In data science and machine learning, statistics and probability is used for visualization of features, data preprocessing, feature transformation, data imputation, dimensionality reduction, feature engineering, model evaluation, etc. Here are the topics you need to be familiar with:

a) Mean

b) Median

c) Mode

d) Standard deviation/variance

e) Correlation coefficient and the covariance matrix

f) Probability distributions (Binomial, Poisson, Normal)

g) p-value

h) MSE (mean square error)

i) R2 Score

j) Bayes’ Theorem (Precision, Recall, Positive Predictive Value, Negative Predictive Value, Confusion Matrix, ROC Curve)

k) A/B Testing

l) Monte Carlo Simulation

## (II) Multivariable Calculus

Most machine learning models are built with a data set having several features or predictors. Hence familiarity with multivariable calculus is extremely important for building a machine learning model. Here are the topics you need to be familiar with:

a) Functions of several variables

b) Derivatives and gradients

c) Step function, Sigmoid function, Logit function, ReLU (Rectified Linear Unit) function

d) Cost function

e) Plotting of functions

f) Minimum and Maximum values of a function

## (III) Linear Algebra

Linear algebra is the most important math skill in machine learning. A data set is represented as a matrix. Linear algebra is used in data preprocessing, data transformation, and model evaluation. Here are the topics you need to be familiar with:

a) Vectors

b) Matrices

c) Transpose of a matrix

d) The inverse of a matrix

e) The determinant of a matrix

f) Dot product

g) Eigenvalues

h) Eigenvectors

## (IV) Optimization Methods

Most machine learning algorithms perform predictive modeling by minimizing an objective function, thereby learning the weights that must be applied to the testing data in order to obtain the predicted labels. Here are the topics you need to be familiar with:

a) Cost function/Objective function

b) Likelihood function

c) Error function

d) Gradient Descent Algorithm and its variants (e.g. Stochastic Gradient Descent Algorithm)

Find out more about the gradient descent algorithm here: **Machine Learning: How the Gradient Descent Algorithm Works**.

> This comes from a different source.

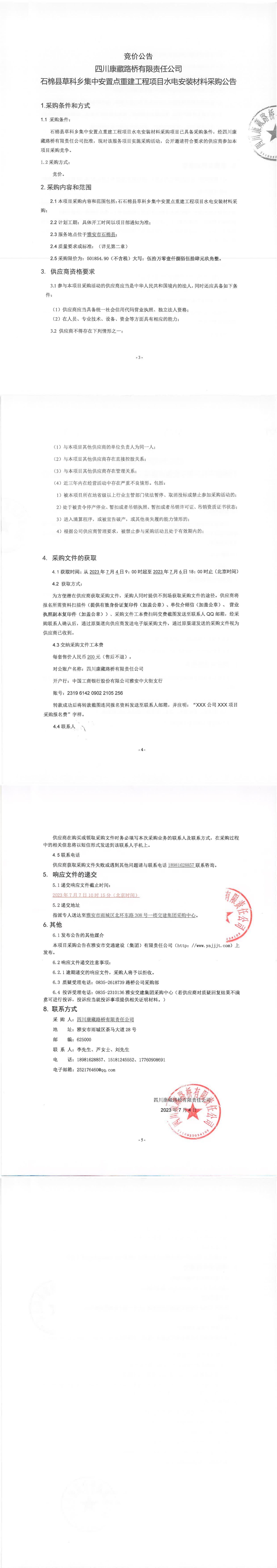 四川康藏路橋有限責(zé)任公司石棉縣草科鄉(xiāng)集中安置點重建工程項目水電安裝材料采購公告

Programming skills are essential in data science and machine learning. Since Python and R are considered the 2 most popular programming languages in data science, essential knowledge in both languages are crucial. Some organizations may only require skills in either R or Python, not both.

## (I) Skills in Python

Be familiar with basic programming skills in python. Here are the most important packages that you should master how to use:

a) Numpy

b) Pandas

c) Matplotlib

d) Seaborn

e) Scikit-learn

f) PyTorch

## (ii) Skills in R

a) Tidyverse

b) Dplyr

c) Ggplot2

d) Caret

e) Stringr

## (iii) Skills in Other Programming Languages

Skills in the following programming languages may be required by some organizations or industries:

a) Excel

b) Tableau

c) Hadoop

d) SQL

e) Spark

Data visualization is one of the most important branches of data science. Simply put, data visualization involves the representation of data using charts and graphs. A good data visualization is made up of several components that have to be pieced up together to produce an end product:

a) **Data Component**: An important first step in deciding how to visualize data is to know what type of data it is, e.g. categorical data, discrete data, continuous data, time series data, etc.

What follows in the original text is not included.